## Records for processing

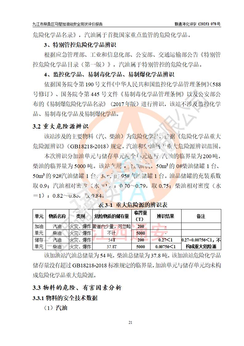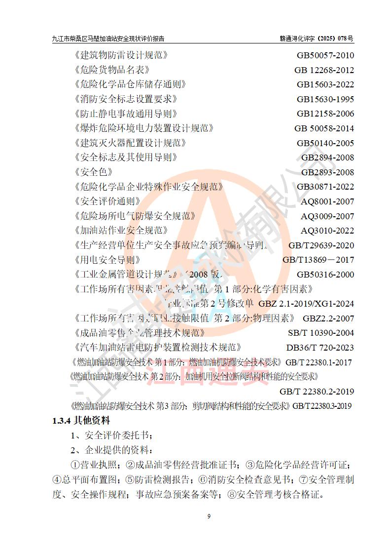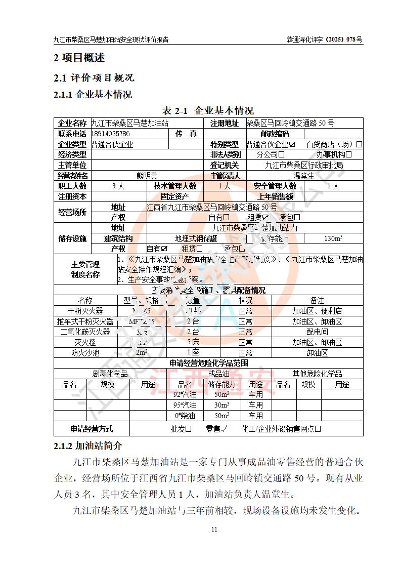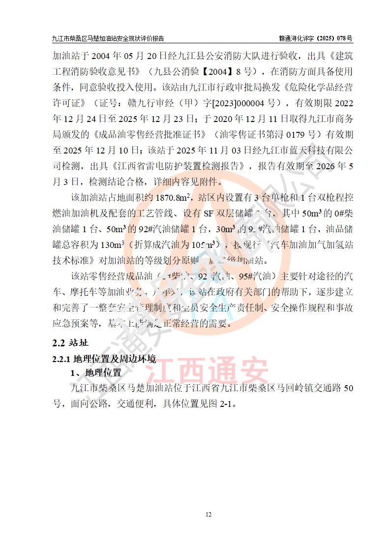 評(píng)價(jià)報(bào)告名稱(chēng) | 九江市柴桑區(qū)馬楚加油站安全現(xiàn)狀評(píng)價(jià)報(bào)告 | |||
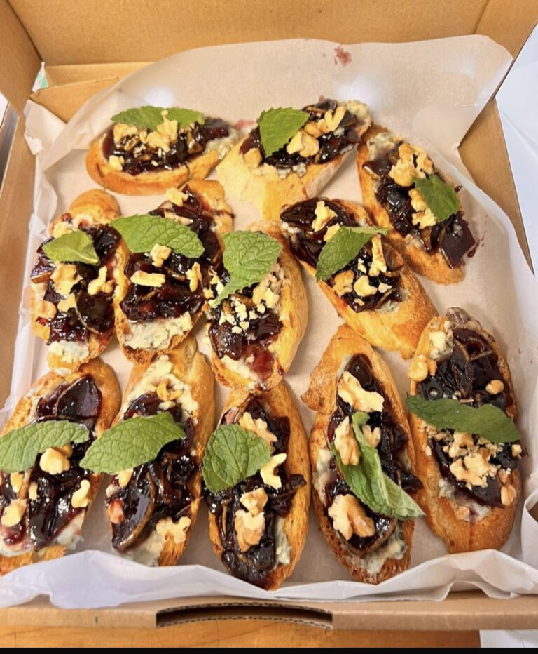 Bruschettas untadas con queso azul, peras caramelizadas en reducción de vino tinto carmenere, aromatizado con canela y cascara de naranja; terminadas con nuecesy un toque de menta.
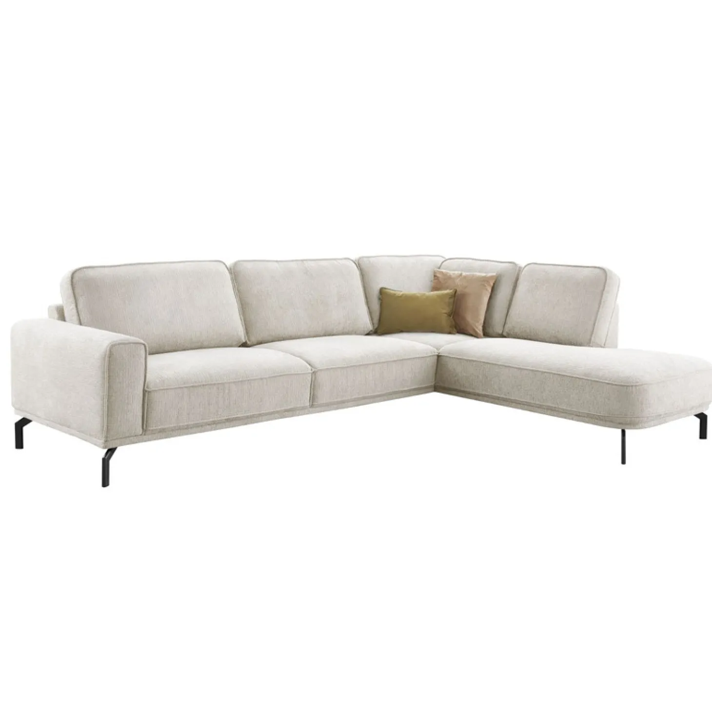 Transformeer je woonruimte in een oase van comfort en stijl met onze hoekbank Loretio. De zachte, rondere belijning van deze bank omarmt je als een warme omhelzing, perfect voor gezellige momenten met vrienden of rustige avonden alleen. De bank is bekleed in de beige weefstof fusion. Fusion is een zware en stevige kwaliteit meubelstof met een licht 3D effect. De stof heeft een volumineuze en luxe uitstraling en voelt zacht aan. De naden zijn standaard afgewerkt met een gesloten vlindernaad, waardoor de zachte, rondere belijning extra wordt geaccentueerd. De moderne metalen poten maken deze bank super stijlvol en past hierdoor perfect in een moderne woonkamer. Deze bank biedt voldoende zitruimte voor jou, je familie en vrienden, zodat jullie samen kunnen genieten van gezellige avonden en ontspannen momenten.
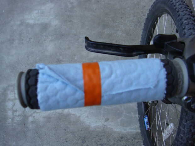 Solución: Añadir algo menos pegajosa goma como papel al manillar. Ver fotos...
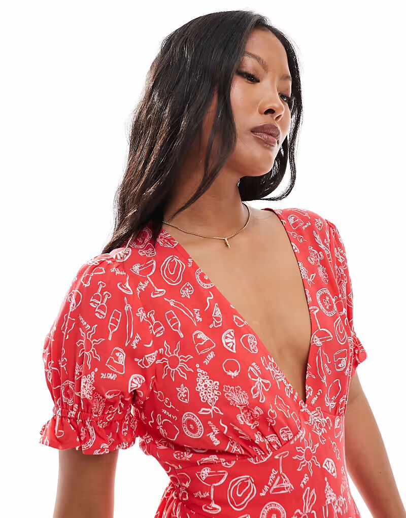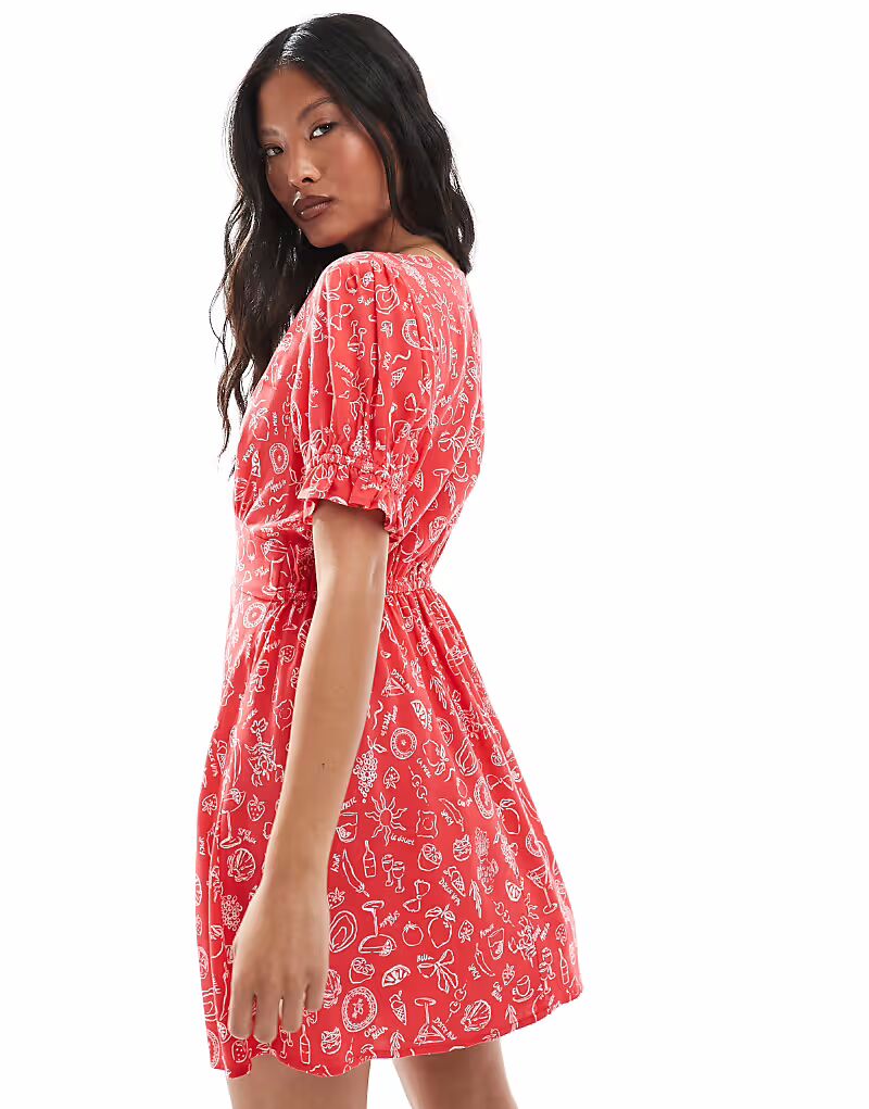 Платье-мини Petite Spun с красным праздничным принтом Miss Selfridge Petite
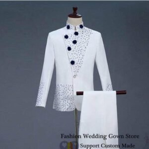 This stylish White Chinese Tunic Suit set for men offers an "England Style" with a skinny fit. Made from 100% polyester, it features a flat front, short length, and zipper fly. The elegant embroidery and solid pattern make it suitable for
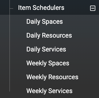 - Navigate to Calendar > Items Schedulers and choose one of the views: Daily Spaces, Daily Resources, Daily Services, Weekly Spaces, Weekly Resources, or Weekly Services.
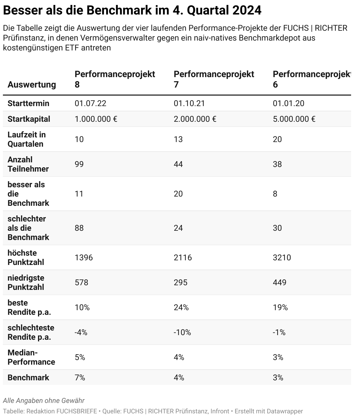 Die Tabelle zeigt die Auswertung der vier laufenden Performance-Projekte der FUCHS | RICHTER Prüfinstanz, in denen Vermögensverwalter gegen ein naiv-natives Benchmarkdepot aus kostengünstigen ETF antreten
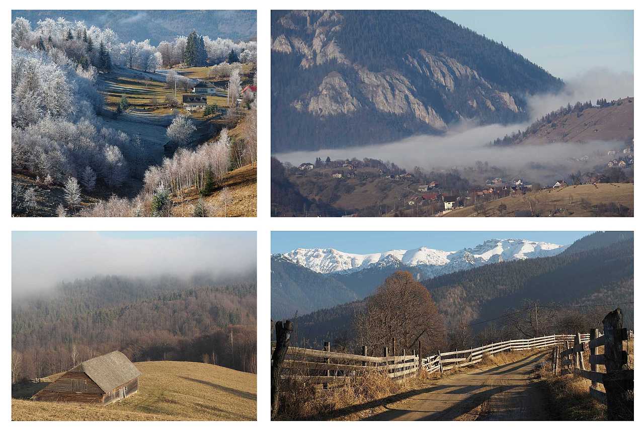Chiar și în decembrie vă puteți bucura de peisajele din pasul Rucăr Bran. Prin sătucele Șirnea și Șimon.
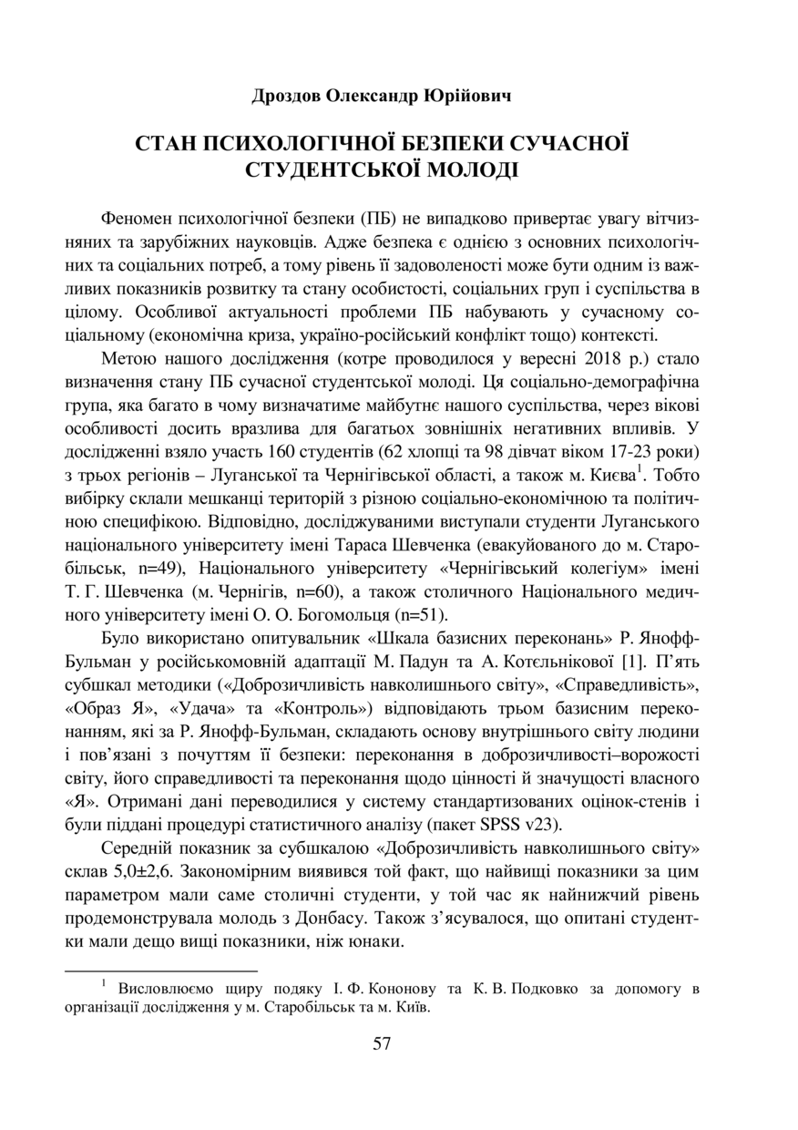 Дроздов О. Ю. Стан психологічної безпеки сучасної студентської молоді / Олександр Юрійович Дроздов // Психологія національної безпеки і благополуччя особистості : тези І Міжнародної науково-практичної конференції, 14–15 березня 2019 року, Львів. — Львів : Видавництво Львівської політехніки, 2019. — С. 57–58.
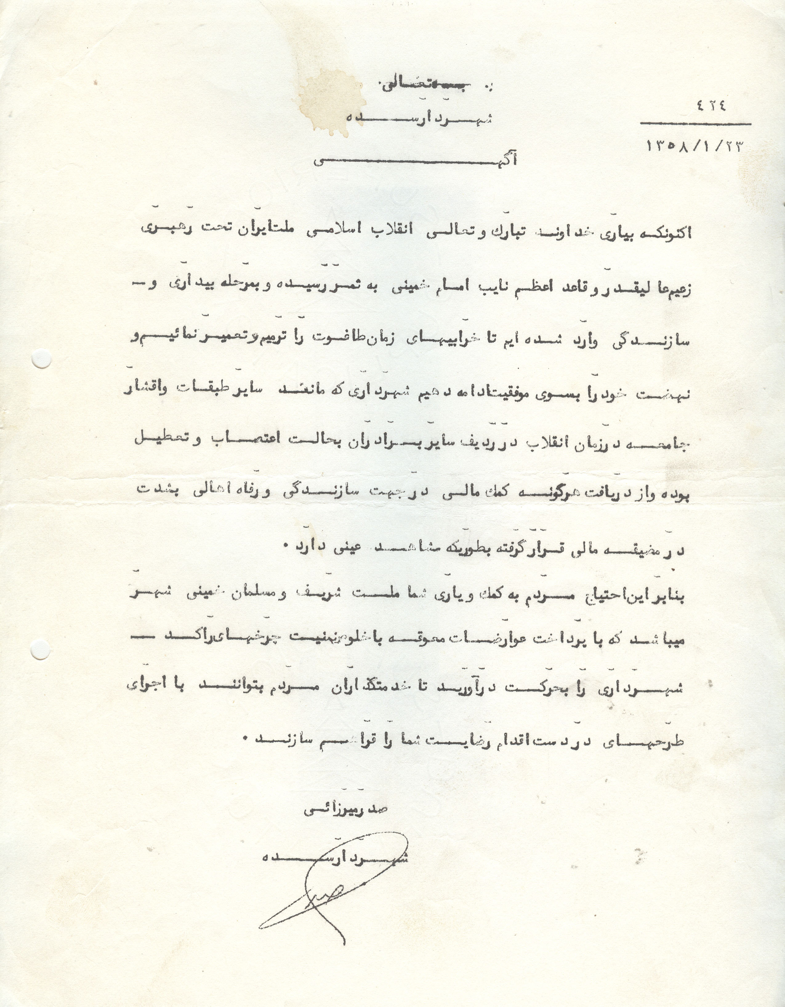آگهی شهرداری همایونشهر پس از انقلاب
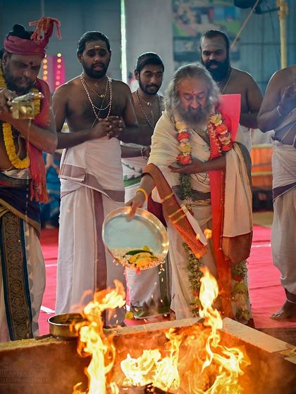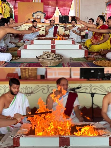 We host large-scale religious festivals and weekly Vedic ceremonies where anyone can join in person or online, set personal intentions, and experience rituals, meditation, and music together.
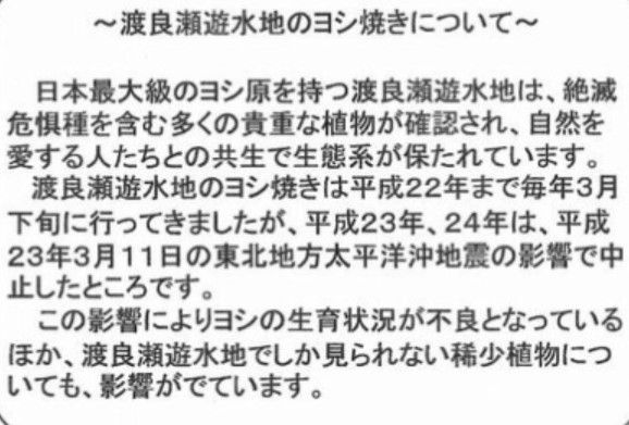 渡良瀬遊水池はラムサール条約に登録されている湿地で「環境保護」が行われています。そのため毎年「葦焼き」が行われますが、福島原発事故のために葦が放射性物質で汚染されています。その葦を焼却するという事になっています。埼玉大学の二人の教授が「専門家」として登場しています。
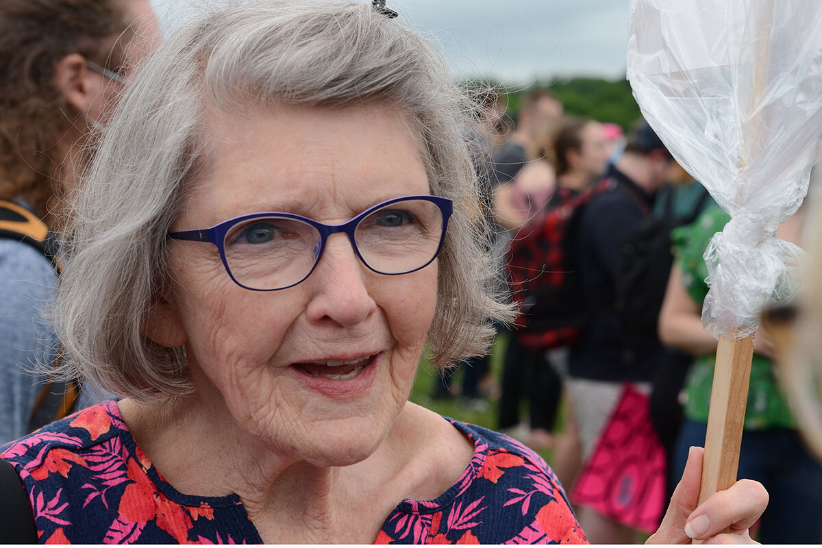 Marge Matthews, who鈥檚 in her 80s and here with her 60-something daughter, is a veteran of marches 鈥 against the Vietnam War and for women鈥檚 rights. Her observation of how younger protesters are behaving at the march: 鈥淭hey鈥檙e more outspoken. They say it like it is 鈥 dirty language and all.鈥
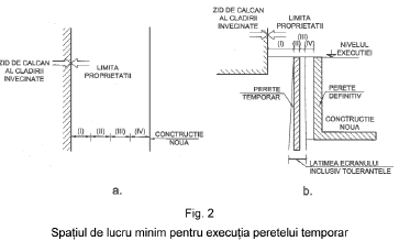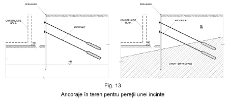 Sunt necesare verificari ale acestor lucrari, avand in vedere existenta in apropiere a unei incinte adanci. Eforturile si deformatiile trebuie sa fie sub valorile admisibile stabilite pentru constructiile sau utilitatile existente.

## Work to be completed
Include the first line of the records, the line containing "Bruschettas untadas con", and every line between them, repeated exactly. Skip the pictures.

## Answer space
 評(píng)價(jià)報(bào)告名稱(chēng) | 九江市柴桑區(qū)馬楚加油站安全現(xiàn)狀評(píng)價(jià)報(bào)告 | |||
 Bruschettas untadas con queso azul, peras caramelizadas en reducción de vino tinto carmenere, aromatizado con canela y cascara de naranja; terminadas con nuecesy un toque de menta.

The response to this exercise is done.